Aug 26 17:17:11 host postgres[28512]: [4-1] user=,db= LOG: database system was interrupted at 2008-08-26 17:15:52 CEST
Aug 26 17:17:11 host postgres[28512]: [5-1] user=,db= LOG: could not open file "pg_xlog/0000000100000018000000ED" (log file 24, segment 237): No such file or directory
Aug 26 17:17:11 host postgres[28512]: [6-1] user=,db= LOG: invalid primary checkpoint record
Aug 26 17:17:11 host postgres[28512]: [7-1] user=,db= LOG: could not open file "pg_xlog/0000000100000018000000ED" (log file 24, segment 237): No such file or directory
Aug 26 17:17:11 host postgres[28512]: [8-1] user=,db= LOG: invalid secondary checkpoint record
Aug 26 17:17:11 host postgres[28512]: [9-1] user=,db= PANIC: could not locate a valid checkpoint record
Aug 26 17:17:11 host postgres[28511]: [4-1] user=,db= LOG: startup process (PID 28512) was terminated by signal 6
Aug 26 17:17:11 host postgres[28511]: [5-1] user=,db= LOG: aborting startup due to startup process failure

The pg_xlog directory contains:

-rw------- 1 postgres postgres 16777216 Aug 26 17:16 0000000100000018000000EE
drwx------ 2 postgres postgres 305232 Aug 26 17:14 archive_status

Note that the archival of the ....ED xlog file started at 17:14:52,
and I cancelled the VACUUM FULL at 17:16:06.

It is entirely likely, though I cannot say for sure, that I started
the VACUUM FULL prior to the archival of ...ED.

I still have the entire pgsql database directory untouched except for
the manual start-up attempt.

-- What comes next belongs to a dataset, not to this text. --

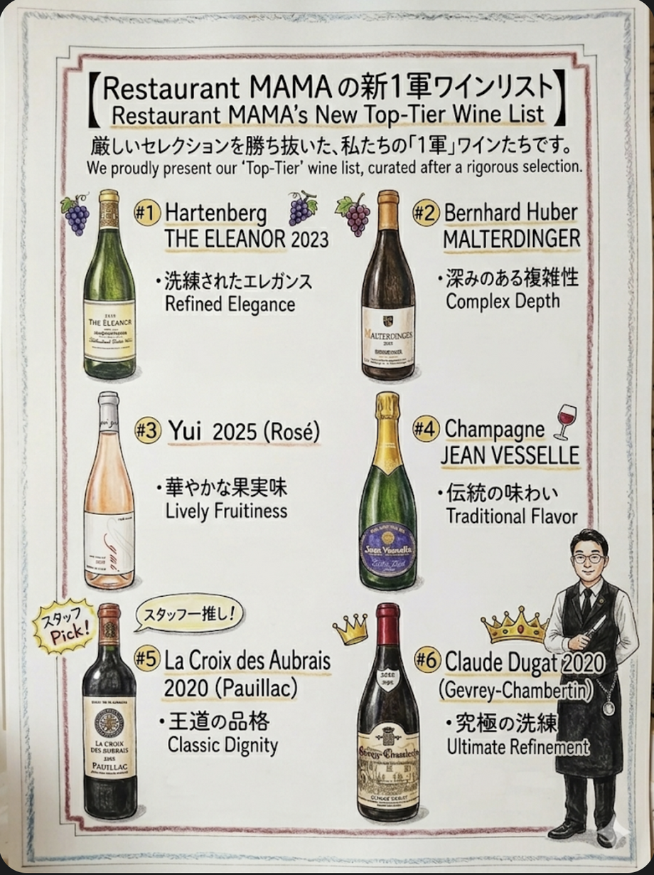 【Restaurant MAMA の新1軍ワインリスト】

I am afraid I cannot dump the thing
somewhere for inspection (it contains confidential information), but I
can assist in inspecting the contents.

--
/ Peter Schuller

PGP userID: 0xE9758B7D or 'Peter Schuller <peter.schuller@infidyne.com>'
Key retrieval: Send an E-Mail to getpgpkey@scode.org
E-Mail: peter.schuller@infidyne.com Web: http://www.scode.org

1 comment:

PKHunter said...

I did the same. Just FYI, I did not see the problems you mention.

I am on PG 8.3.

I was frustrated with the VACUUM FULL, which was taking hours for me. It is slow enough to sometimes even take days for some people.

Luckily for me, after canceling the VACUUM FULL process, I immediately reindexed the entire database using this command line utility:

> reindexdb DBNAME

This took about 10 minutes as my indexes are quite large, but this was a great boon as the DB is humming along just fine after this.